Robert SanGeorge, M.A., Social Media Coordinator (mpn.rsangeorge@gmail.com) Robert has been professionally engaged in environmental, public health and social change work for the last twenty-two years. His past positions include Senior Communications and Development Consultant for the Sabin Vaccine Institute, Vice President for External Relations for the World Resources Institute; Director of Communications for the World Wildlife Fund and Vice President for Public Affairs for the National Audubon Society. Prior to his work with these organizations, from 1978- 1984 Robert worked for United Press International (UPI) as Chief International Energy and Environment Correspondent, Legal Correspondent and as UPI Ohio Bureau Chief. He has an M.A. in public policy from Ohio State University, where he was a Kiplinger Foundation Fellow.
Carolyn Ricketts, Assistant Project Director (ricketts@mdpestnet.org)

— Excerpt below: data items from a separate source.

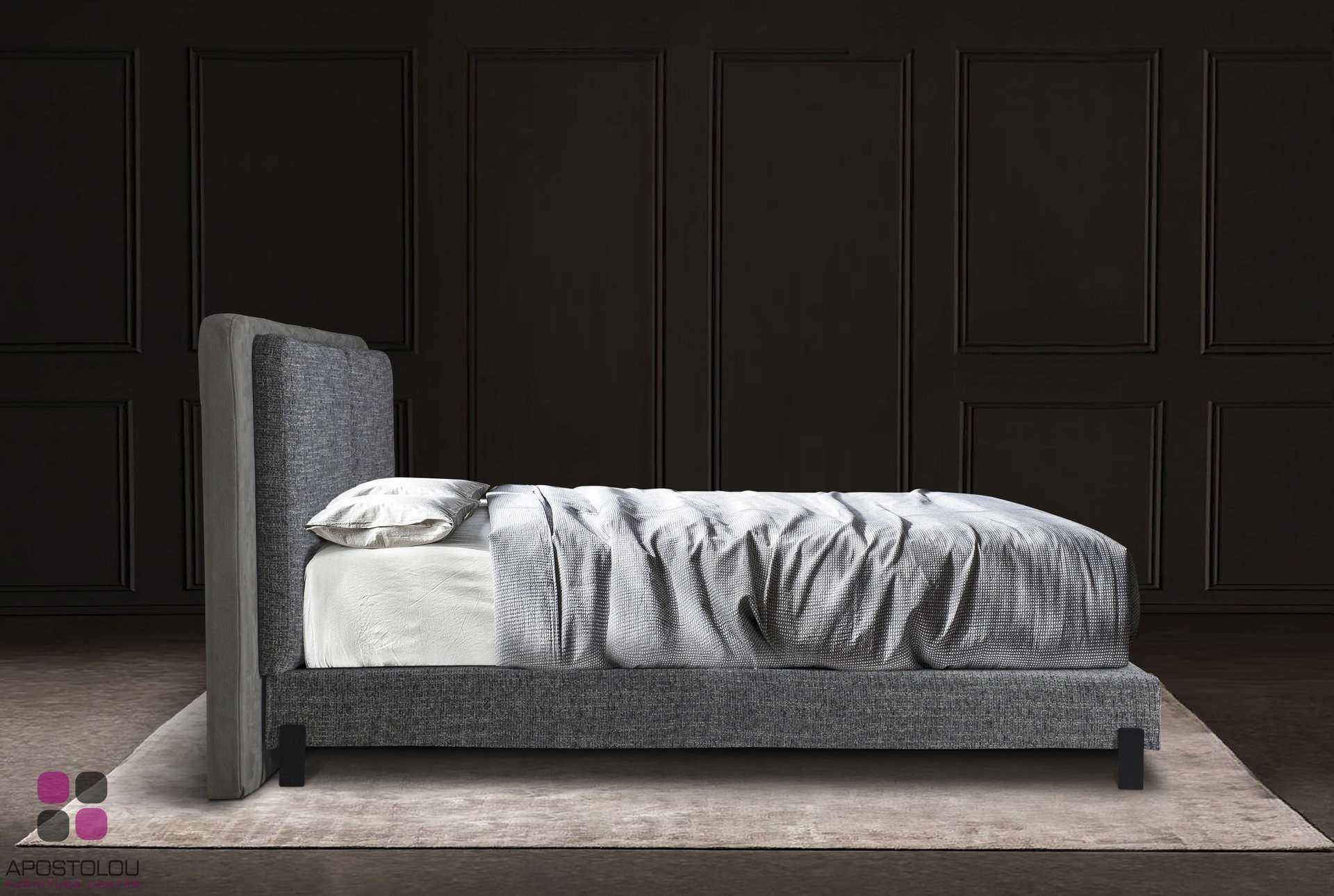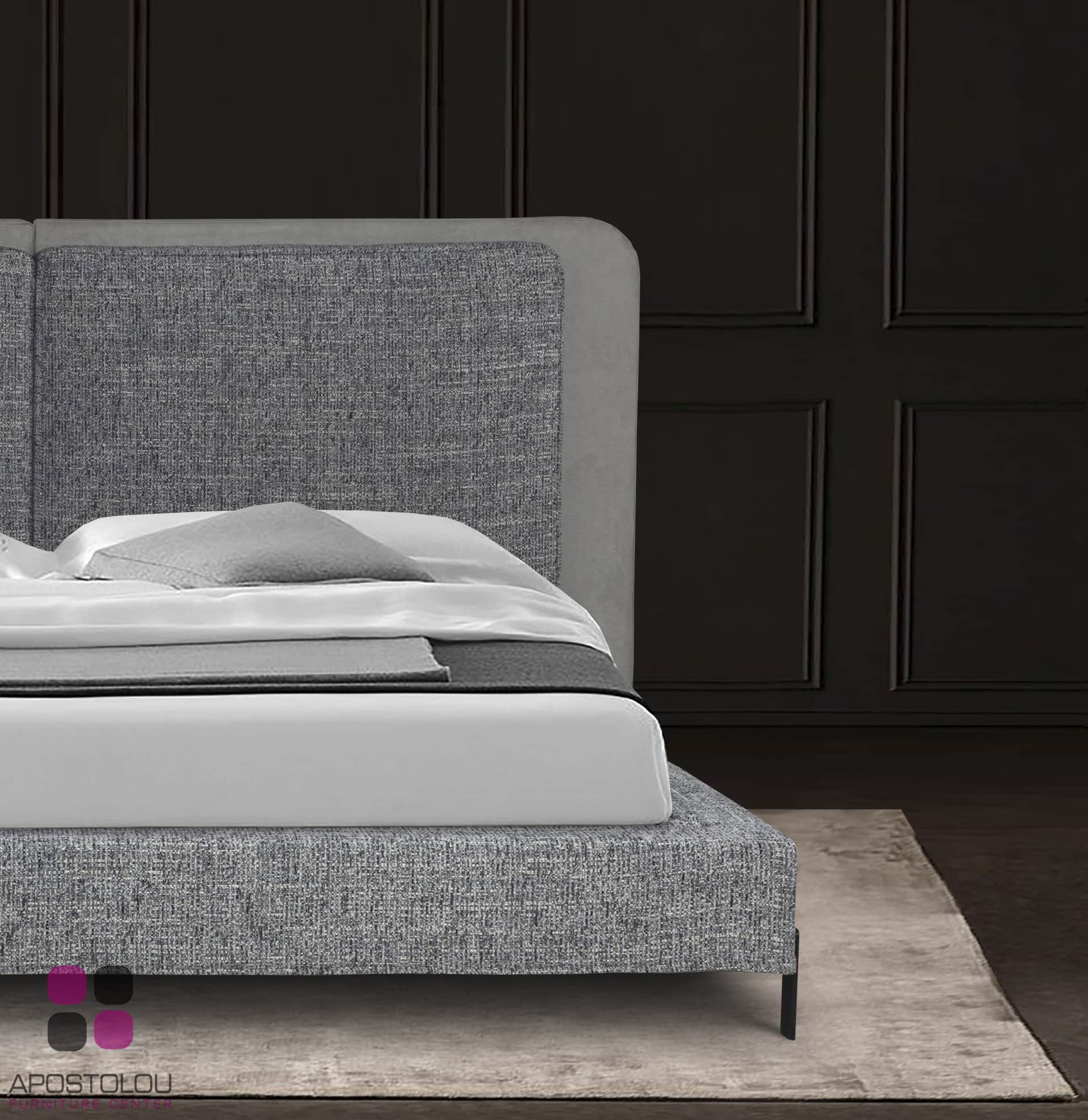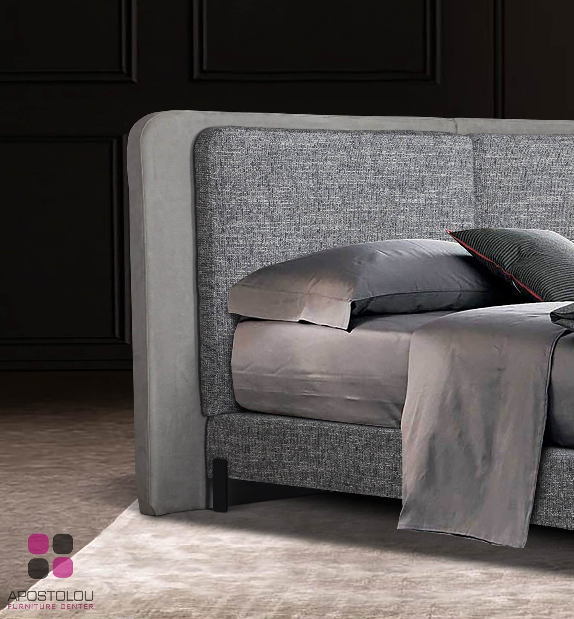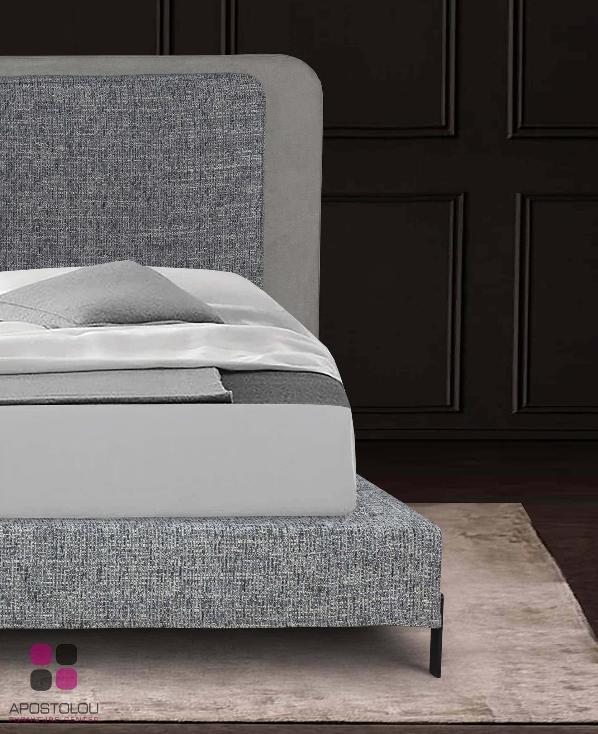 Ντυμένο κρεβάτι με μοντέρνο ύφος υψηλής αισθητικής με ψηλό και επιβλητικό κεφαλάρι του με μαξιλάρες στο προσκέφαλο. Παράγετε σε πολλές διαστάσεις και μεγάλη ποικιλία αδιάβροχων και easy-clean υφασμάτων.
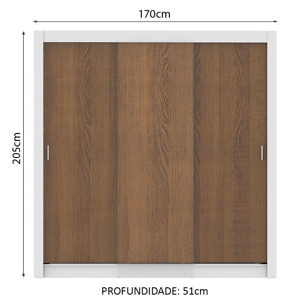 Guarda Roupa Casal Madesa Mônaco 3 Portas de Correr - Branco/Rustic
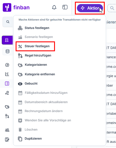 Durch einen Klick auf Steuer festlegen kannst du den ausgewählten Transaktionen einen Steuersatz zuordnen.
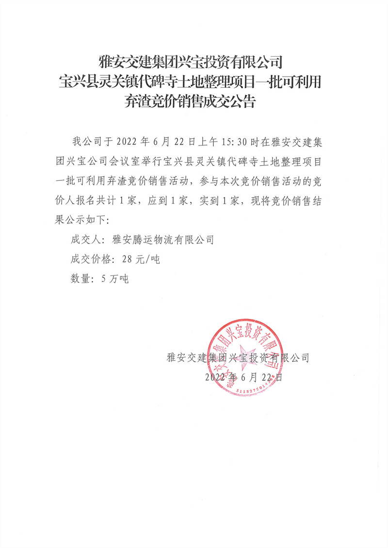 雅安交建集團(tuán)興寶投資有限公司 關(guān)于調(diào)整砂石成品料銷售價(jià)格的通知(2022-6-22)
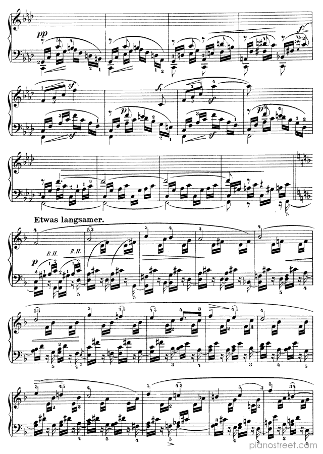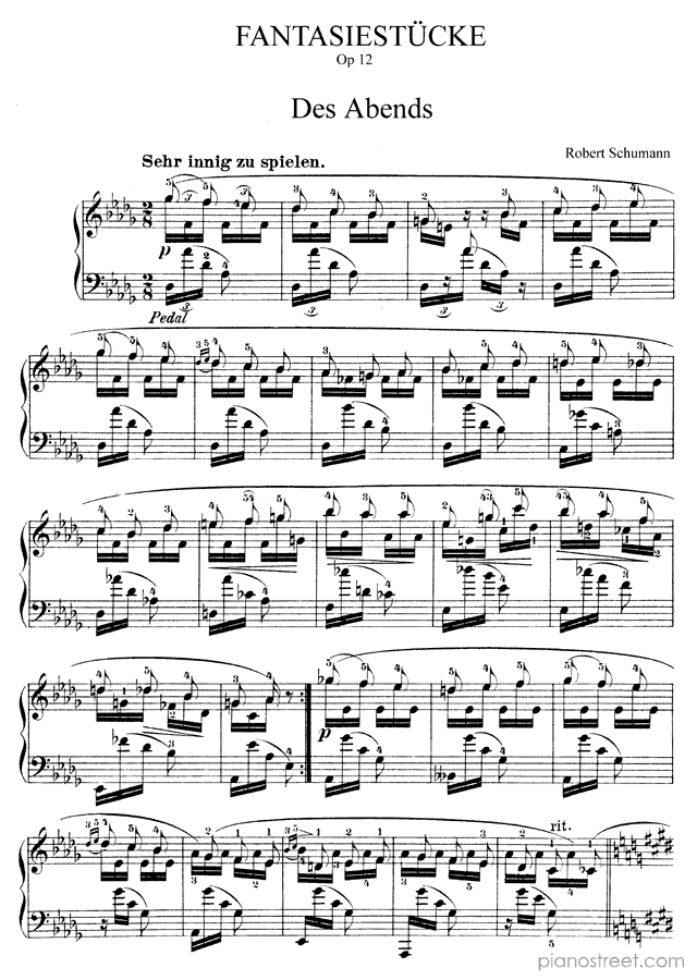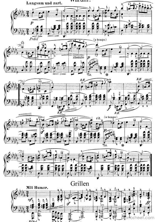 Downloadable piano sheet music from Fantasiestücke by Robert Schumann to print: Warum? Op. 12 No. 3 in D-flat Major (published in 1837)

Carolyn’s lifelong love and passion for the environment and wildlife began as child, growing up in the Chesapeake Bay Watershed and spending time on its waterways on both the Eastern and Western Shores. Carolyn and her siblings spent every summer alternating between the cabin on the Chesapeake Bay or at her maternal grandparents’ organic farm and orchard located near the Potomac River. This childhood spent immersed in nature led to animal welfare and rescue work starting in her teens and continuing today. While Carolyn worked for 33 years as a Sr. Mortgage Banking Loan Officer, she expressed her passion for the environment by volunteering for environmental groups as she continues to do to this day. She graduated from the Watershed Stewards Academy as a Master Watershed Steward from the Academy’s first class of 2009 and was a founding member of the Climate Stewards of Greater Annapolis. Carolyn worked for the Chesapeake Bay Foundation from 2012 to 2015 and ultimately left the mortgage industry at the end of 2015 to pursue work in renewable energy, starting with wind power and then transferring to solar. Carolyn has worked with Neighborhood Sun, a community solar Benefit Corporation as their Director of Partnerships since March of 2018 and continues providing consultation for their community solar projects. She has also lobbied for environmental and clean energy legislation for offshore wind power, community solar, banning fracking, increasing MD’s Renewable Portfolio Standard, providing clean water protections, banning chlorpyrifos, and forest conservation.
Maggi G. Gaines, M.A., M.ED., Strategy and Collaboration Officer
Maggi has a diverse career in the non-profit community. Her leadership positions have included executive director, development director, partnership developer, and consultant for local, state and national organizations and foundations. Maggi is a graduate of Goucher College, and holds Master’s Degrees from The Johns Hopkins University and Baltimore Hebrew University. She studied at the Kennedy School of Harvard University in a program for senior leaders in state and local government and completed coursework for doctoral program at The Johns Hopkins University Political Science with a focus on American Government.